Complement Ther Med. 2020 May;50:102339.doi: 10.1016/j.ctim.2020.102339.Epub 2020 Feb 6.

Tina Cartwright 1, Margaret Cahill 1, Vidhi Sadana 2

Author Information

1 University of Westminster, London, UK.

2 Rheumatology Unit, Central Middlesex Hospital, London, UK. Electronic address: Abstract


Objectives: to explore patients' experiences of an individualised yoga therapy intervention for rheumatoid arthritis (RA), specifically in terms of its acceptability and impact on patient-reported outcomes.

Design: Ten patients took part in a 16 week yoga therapy intervention in a hospital setting, consisting of 10 one-to-one consultations with a yoga therapist followed by two group review sessions. Changes in health (EQ-5D, HADS) were assessed pre- and post-intervention and at 12-month follow-up. In-depth interviews were conducted post-intervention and analysed using thematic analysis.

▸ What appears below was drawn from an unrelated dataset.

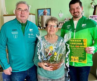 Am 25.02.24 feierte unser Ehrenmitglied Karla Müller ein besonderes Ereignis. Da ließen sich der alte und neue Vereinsvorsitzende nicht bitten und brachten ein Geschenk bei Ihr zuhause vorbei. Bei einer Tasse Kaffee und schöner Apfeltorte schwelgte man mit der ehemaligen Schuldirektorin in Erinnerungen und unterhielt sich sehr gut. Auch Sie in ihrem Alter ist in der Gemeinschaft noch aktiv und trifft sich 1mal im Monat mit ihrer Singegruppe im Bürgerbüro. Sportlich hält sie sich in der Turngruppe fit. Nur mit dem Zumba wird es seit kurzer Zeit nichts mehr. Sport frei!

Results: Attendance of the 1-to-1 sessions was high (98 %) and all participants reported strong commitment to their personalised home practice. There were significant improvements in measures of depression, anxiety, pain, quality of life and general health at post-intervention and 12-months (p < 0.05). In interviews, all but one participant reported positive changes to their symptoms and several reported reductions in their medication and broader benefits such as improved sleep, mood and energy, enabling re-engagement with life. The personally tailored nature of the practice and perceived benefits were key motivational factors. Particular value was placed on the therapeutic function of the consultation and provision of tools to manage stress and build resilience.

Conclusion: This yoga therapy intervention was positively received by patients with RA, with high levels of adherence to both the treatments and tailored home practice. The findings suggest that yoga therapy has potential as an adjunct therapy to improve RA symptoms, increase self-care behaviours and manage stress and negative affect such as anxiety. A larger multi-centre study is therefore warranted.